TK先生の言葉で印象に残っているのは、「使ったTRAIL抗体は本当にTRAILを認識しているのか?」という質問です。すぐには意味が理解できなかったのですが、抗体の「特異性」を問われたようです。抗体と抗原の反応は鍵と鍵穴、と言われますが、その抗体が他の抗原と「絶対に・全く」結合しない、というわけではありません。交叉反応という現象があります。TRAILはTNFファミリーに属するサイトカインなので、もしも同じファミリーに属する他の分子と抗TRAIL抗体が結合するのであれば、実験結果の解釈が大きく変わってきてしまいます。その危険性のことをTK先生は言及されたのだと思います。
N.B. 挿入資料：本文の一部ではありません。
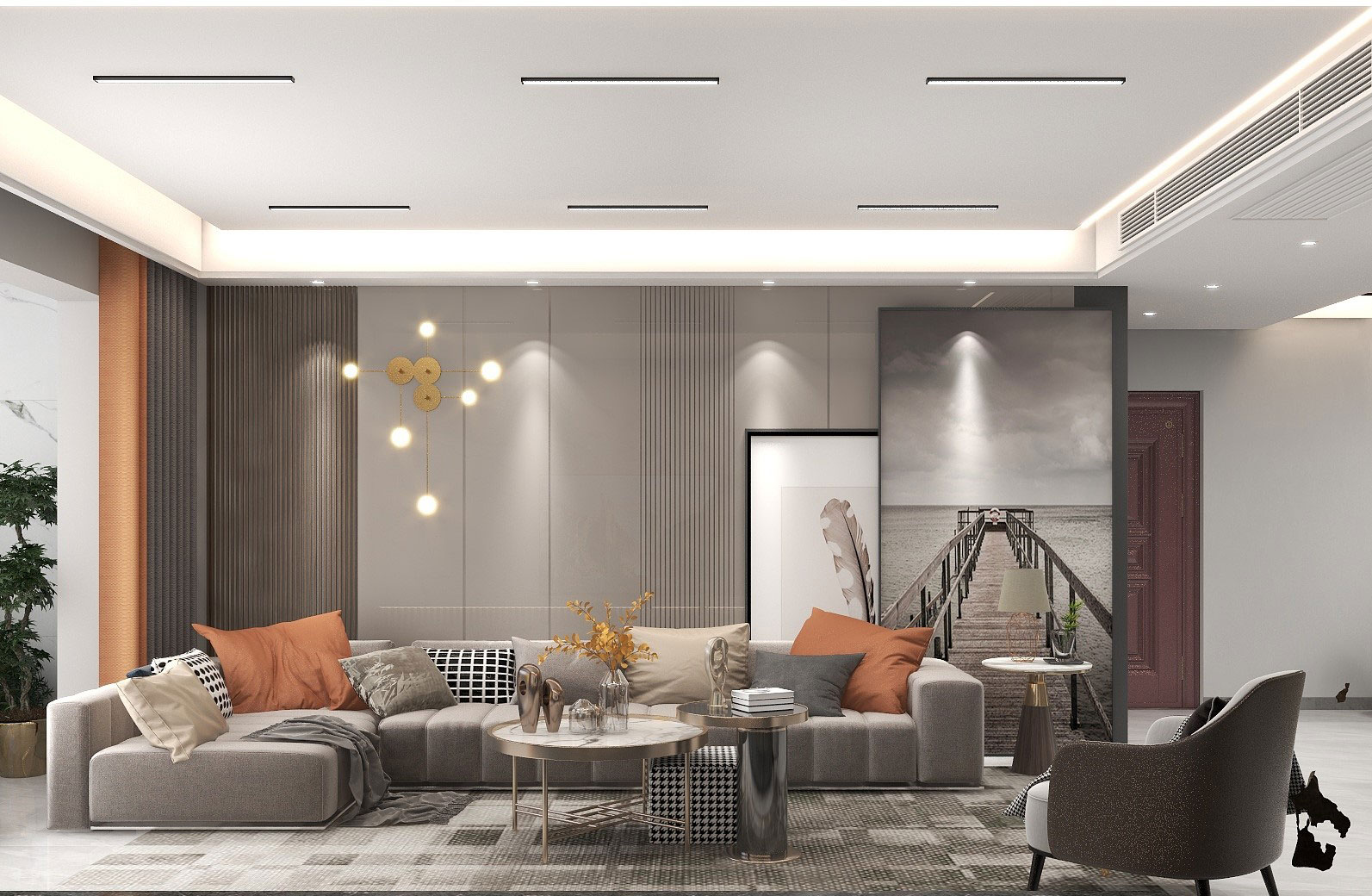 灰色系家具搭配愛馬仕橙和千鳥格紋,不同顏色的搭配,增加輕松的生活氣息。

基礎研究を経験して4年足らずの私にはそこまで考えが及ばず、抗TRAIL抗体=TRAILに反応する、というように短絡的に理解していました。もちろん試薬の特異性を1つ1つ調べていたら大学院生活などあっと言う間に終わってしまいます。かなりしっかりと製品のクオリティーコントロールをやっていそうな会社もあります。しかし少し前までは、制限酵素1つとっても自分で精製していた時代があったわけで、精製が悪いと、狙っていたDNA配列とは違うところが切断される、という「事故」が起きかねません。試薬が信じられるかどうか、というのは研究の成否を決定する重要な要素なのです。
実際、その後の経験では、Sant○Cru○社のポリクローナル抗体は全然使えない、ということを経験しました。(同社の名誉のために書いておくと、抗Nfatc1抗体はとても良い抗体だと思います。ただしこれはモノクローナル抗体です。今調べたら2016年にポリクローナル抗体の供給を終了しているようで、英断と言えるでしょう。)
ちなみにTK先生の発見されたIL-5ですが、それに対する抗体製剤が本邦では2016年より気管支喘息、2018年より我々の科の疾患である血管炎の一種に使われるようになっています。当時は予想していなかったことです。